The transaction is valued at approximately $110 million, with Heartland shareholders receiving either $147.10 in cash, 4.9164 shares of Seacoast common stock, or a 50-50 combination per share. The deal is expected to be 7% accretive to earnings per share in 2026, with modest tangible book value dilution recovered in approximately 2.25 years.

The acquisition is scheduled to close in the third quarter of 2025, subject to regulatory approvals and Heartland shareholder approval.

Seacoast Banking of Florida (NASDAQ: SBCF) ha annunciato un accordo definitivo per acquisire Heartland Bancshares, espandendo la sua presenza nella Florida Centrale. L'acquisizione riguarda le quattro filiali di Heartland, con 641 milioni di dollari in depositi e 161 milioni di dollari in prestiti al 31 dicembre 2024.

La transazione è valutata circa 110 milioni di dollari, con gli azionisti di Heartland che riceveranno o 147,10 dollari in contante, 4,9164 azioni di Seacoast o una combinazione 50-50 per azione.
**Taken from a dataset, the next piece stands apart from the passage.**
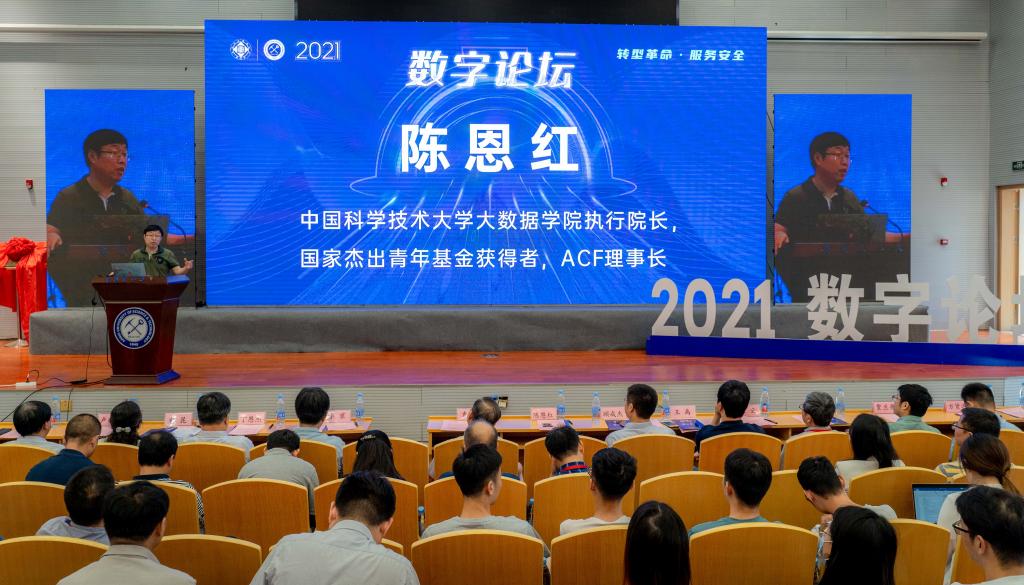 6月24日上午,由安徽省计算机学会(ACF)和安徽理工大学共同主办的“转型革命,服务安全”2021数字论坛在安徽理工大学舜耕会堂隆重召开。安徽理工大学党委副书记、校长袁亮院士出席论坛并发表重要讲话。中国科学技术大学、合肥工业大学、安徽大学等高校专家学者,科大国创股份有限公司、安徽大学出版社、安徽金禾软件股份有限公司等企业代表和安徽理工大学师生共300余人出席了论坛。论坛由校党委常委、副校长董雨主持。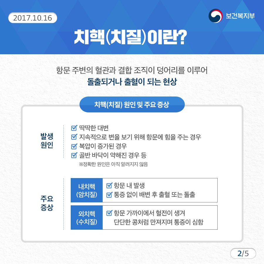 치질은 남녀 모두가 걸릴 수 있는 흔한 질병 중 하나로 병원을 찾지 않는 사람들까지 포함하면 전체 인구의 약 50% 정도가 치질로 인해 불편함을 느끼고 있는 것으로 추산됩니다. 치질은 보통 치핵(Hemorrhoids)로 불리며 항문 및 직장에 존재하는 치핵 조직이 항문 밖으로 빠져나오는 내치핵과 항문 밖의 치핵 조직이 부풀어올라 덩어리처럼 만져지는 외치핵을 포함합니다.

Si prevede che l'affare sarà 7% accretivo agli utili per azione nel 2026, con una modesta diluizione del valore contabile tangibile recuperata in circa 2,25 anni.

L'acquisizione dovrebbe chiudersi nel terzo trimestre del 2025, soggetta ad approvazioni regolatorie e all'approvazione degli azionisti di Heartland.
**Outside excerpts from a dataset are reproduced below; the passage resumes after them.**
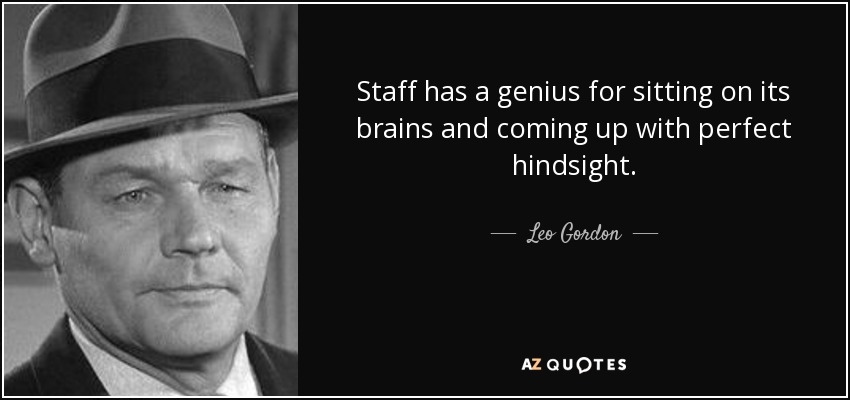 Staff has a genius for sitting on its brains and coming up with perfect hindsight.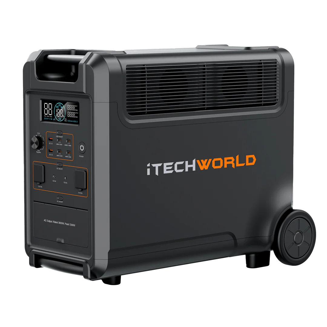 The Ultimate Solar Generator Kit - PS3600 Power Station delivers a staggering 3600W (7200W peak) of pure sine wave AC output, ensuring reliable power for both everyday and emergency situations. Its robust 240v 15A output can handle a wide range of heavy-duty appliances, making it an ideal choice for home backup and off-grid adventures.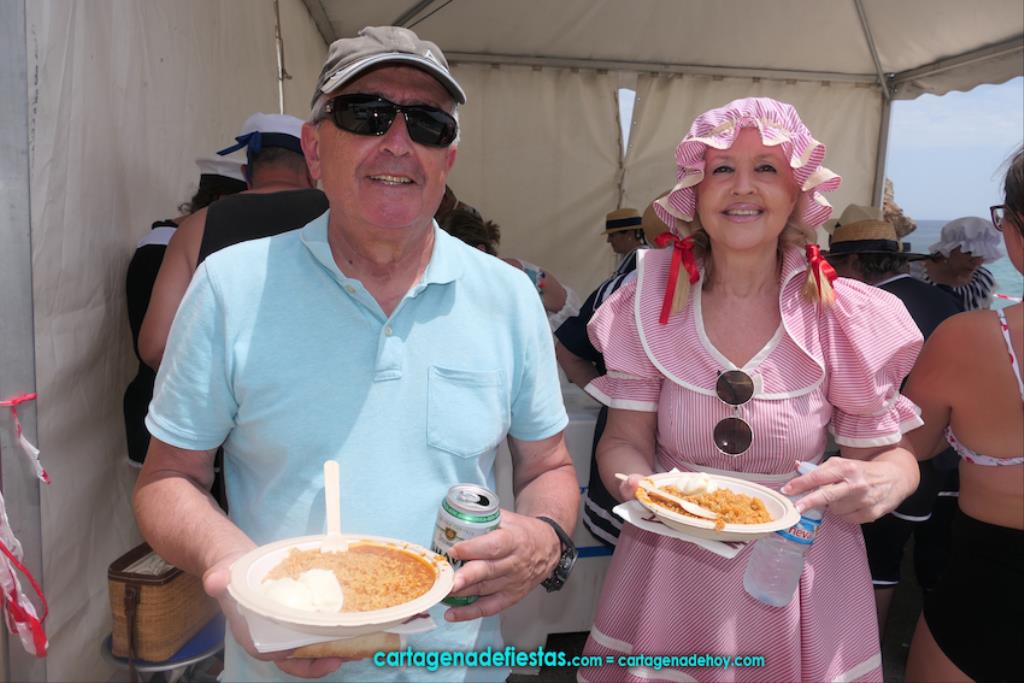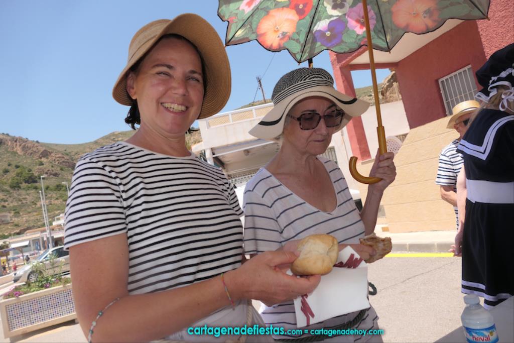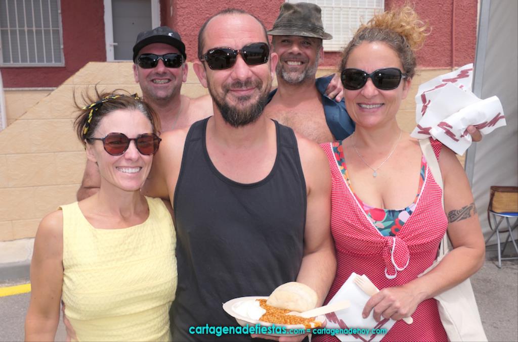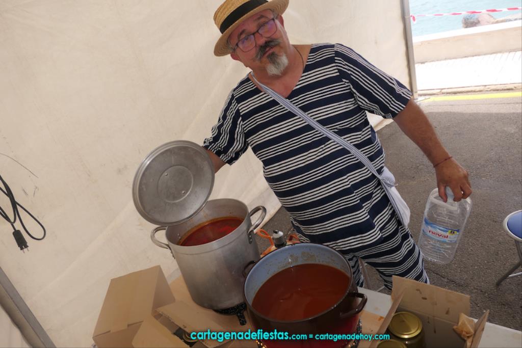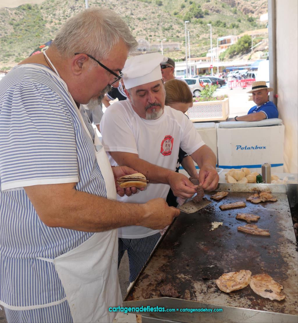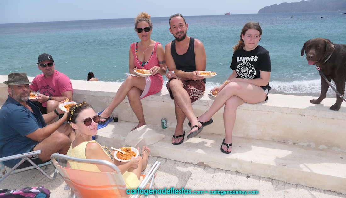 El sábado hubo 'pepitos modernistas' y el domingo tocó el turno al caldero elaborado por José Antonio Martínez 'El Kachi', presidente de la Asociación Cultural Modernistas de Cartagena de Levante, organizadores de las jornadas en colaboración con la Asociación de Vecinos de El Portús y el Ayuntamiento de Cartagena. Se sirvieron en una carpa habilitada por cantina y cocina a precio módico para potenciar el ambiente de estas jornadas. También se saborearon las rosquillas que días atrás también aparecieron en la presencia de los modernistas en el televisivo 'Ailoviu' y, dado el calor, no faltaron los refrescantes helados.

Seacoast Banking de Florida (NASDAQ: SBCF) ha anunciado un acuerdo definitivo para adquirir Heartland Bancshares, ampliando su presencia en el Centro de Florida. La adquisición involucra las cuatro sucursales de Heartland, con 641 millones de dólares en depósitos y 161 millones de dólares en préstamos al 31 de diciembre de 2024.

La transacción está valorada en aproximadamente 110 millones de dólares, con los accionistas de Heartland recibiendo ya sea 147,10 dólares en efectivo, 4,9164 acciones de Seacoast o una combinación 50-50 por acción. Se espera que el acuerdo sea 7% accretivo a las ganancias por acción en 2026, con una ligera dilución del valor contable tangible recuperada en aproximadamente 2,25 años.

La adquisición está programada para cerrarse en el tercer trimestre de 2025, sujeta a aprobaciones regulatorias y a la aprobación de los accionistas de Heartland.

플로리다의 Seacoast Banking (NASDAQ: SBCF)Heartland Bancshares를 인수하기 위한 최종 계약을 발표하여 중앙 플로리다에서의 입지를 확장합니다. 인수에는 2024년 12월 31일 기준으로 6억 4100만 달러의 예금1억 6100만 달러의 대출을 보유한 Heartland의 네 개 지점이 포함됩니다.

이번 거래는 약 1억 1000만 달러로 평가되며, Heartland의 주주들은 주당 147.10달러 현금, 4.9164 주식의 Seacoast 보통주, 또는 50-50 조합 중 하나를 받게 됩니다. 이 거래는 2026년 주당 수익에 7% 기여할 것으로 예상되며, 약 2.25년 후에 경미한 유형 자산 가치 희석이 회복될 것으로 보입니다.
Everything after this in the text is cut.